As per the practice followed, Vidwan Thangaswamy  was ready to accompany the bride’s party to the bed rooms of the groom and his people, to wake them up. But the groom and many of his relatives were already awake.They hardly slept the previous night and there was no need for the musicians to enter their rooms making sound. But Venku ayyan, who had joined our group on his own, in the pretext of helping my father, was not prepared to settle for anything less. “Let us all go back to our respective bed rooms and lie down” he suggested with a serious tone. The bride’s party accompanied by the band should come there and wake up our members. Customs are to be honored, under any circumstances.”

“Are you crazy, Venku?” my father contained him. Looking at Athai, he said, “Give him a third decoction coffee; that will keep his mouth closed for a while.”

My father, before we landed at the kaithamukku matam, the PMS house where the wedding took place, had given clear instruction to us that none in our group should take any undue advantage as bride groom’s privilege and  even if there were some shortfalls from the girl’s side, we should accept them with grace . ” Remember, every one including my eldest son”,  he cautioned looking deep into my eyes, ” what is to take place is a happy reunion of two wings of the same family.

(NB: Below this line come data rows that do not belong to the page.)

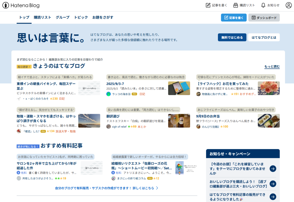 はてなブログの強みの一つは、はてなブックマーク(通称はてブ)や読者になるボタンなど、コミュニティ性の高い仕組みです。記事がブックマークされることで拡散されやすくなり、他ユーザーからの反応も得やすいため、交流や情報発信の場として機能します。
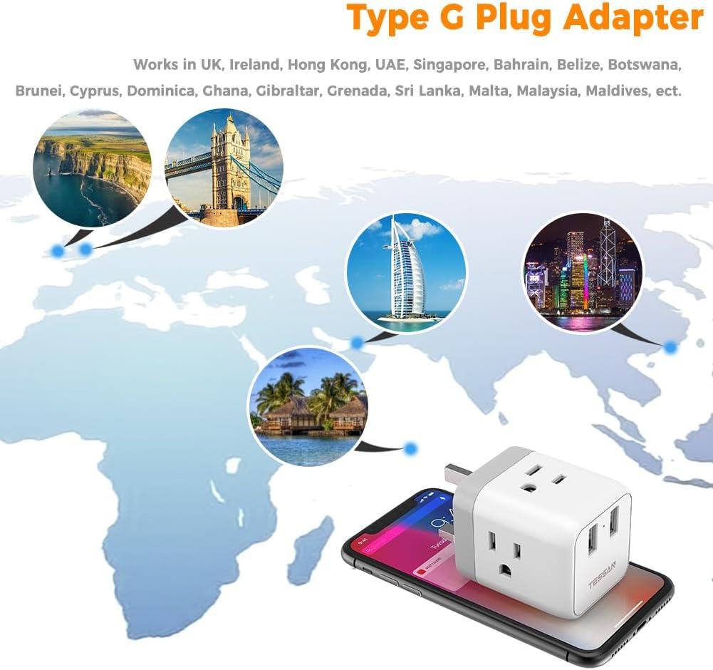 imageTESSAN US to UK Plug Adapter Type G UK Travel Plug Adapter Ireland Scotland Dubai Power Adaptor with 3 Outlets and 2 USB Ports USA to England London British Qatar Kenya Outletgraywhite
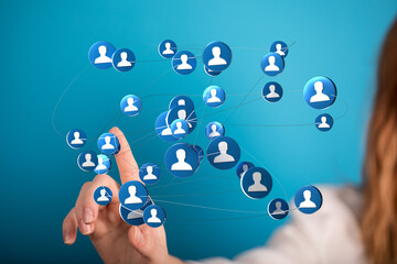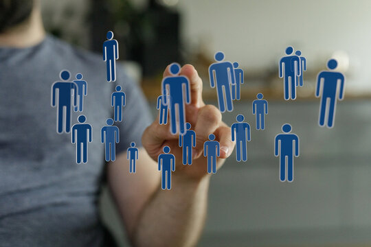 Hand interacting with digital people icons, representing social connection, networking, and online communities.

Tell me if you have any grievance but never a word to the PMS family. Be graceful in your behavior”

Still, there were people like venku ayyan,  trenched in traditions  so deep that they identified themselves with the aprons they wear, forgetting that  aprons need change or at least a wash !

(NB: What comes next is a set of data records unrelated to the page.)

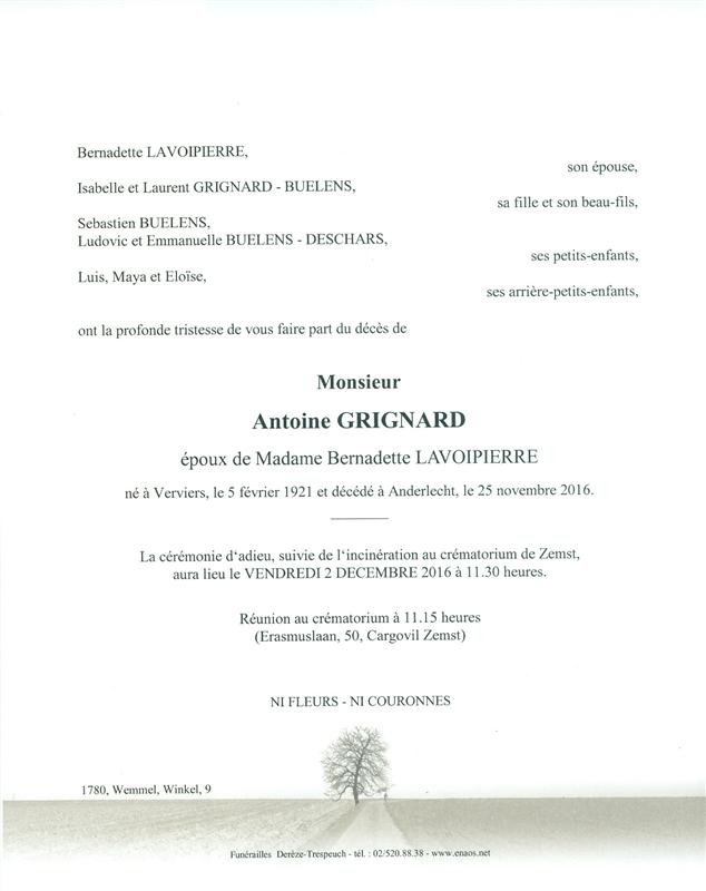 Décédé à Anderlecht (1070) le vendredi 25 novembre 2016 à l'âge de 95 ans
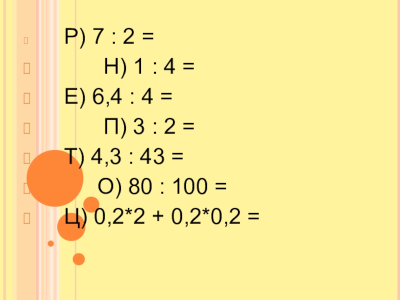 Р) 7 : 2 =			      Н) 1 : 4 =		Е) 6,4 :
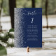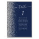 A borda esquerda desta elegante e moderna placa de número da mesa de casamento apresenta uma borda cintilante de falso prateado. A palavra "mesa" aparece em cinza prateada, escrita à mão, num fundo azul marinho. Adicione os nomes dos seus convidados que estão atribuídos a cada mesa.
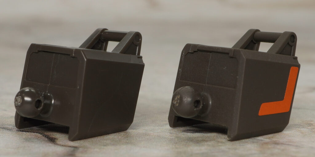 全身のオレンジラインはマーキングシールで再現でき、胸などの▽部分はホイルシールで色分け。
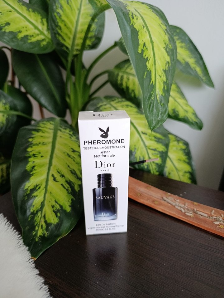 Dior Sauvage tester şişesi, koyu gri tonlarda, Parisli karşı kültür tarzında. Feromon etkili Eau de Parfum.

Apart from Venku ayyan, another person was unhappy with my father’s intervention- his son, me.  It was my dream to be woken up by a band. I have been eagerly waiting for that luxury, from the day I heard about my marriage fixation. I shouldn’t  jump out of my bed, the moment I hear the first beat of the accompanying ‘thavil,’  I had planned, but  wait for a while till one or two keerthanas are completed. But the watchful eyes of Appa were everywhere.

Right from my childhood, I had a fascination for ‘nadaswaram’. My maternal grand father, for sometime, was the ‘karyasthan’or manager at the Kalpathy Viswanatha swamy temple and its trustee, the Raja Etiikkombi achan, had allowed him to stay in a portion of his house, close to the temple, where I was born. I vividly remember My ‘thatha’ driving the tastefully decorated palanquin, carrying  the deity and  several children, including me, to the accompaniment of   nadaswaram vidwans.  His abundant tuft, well tied and tilted to one side and wagging to the waves of music, his pearl studded ear ornaments, bright ‘spadika malai- dazzling chain made of crystal beads, snow-white sacred ash marks at the appropriate places, better brightened by and on his ebony frame, whip on his right hand and “aug, aug” sound – all these are fresh, in my memory. Even after shifting our residence to Olavakkode, I used to eagerly wait for the swarlapanas, carried by the cool night winds across the Kalpathy waters. Father, never allowed us to move out of house, during night hours.
Yes, Kalpathy was a river then! Young Kalpathians, who have been seeing only  a  canal, stagnated between Olavakkode and Kalpathy, will not believe my words. Like the divine flow of  Bhagvath Geetha, between the warring groups, it used to flow slowly but majestically, between two rock ranges. Suppani vadyar,  without the hindrance of a mechanical device to distort his bell metal voice, used to guide hundreds of Brahmins assembled on the steps leading to the Temple, while performing the ‘Maha sankalpam’ for our annulal upakarma ritual .The echo of his ‘Bharatha varshe, Bharatha khandea,  (‘Bha’ not as in innocent ‘B’ for Balan or ‘P’ as in’Pavi’ but with the majesty due to that  consonant), used to echo in the distant blue mountains and that  would remain till midnight, when the cool moonlit waters used to repeat that sound, with a unique joy and satisfaction.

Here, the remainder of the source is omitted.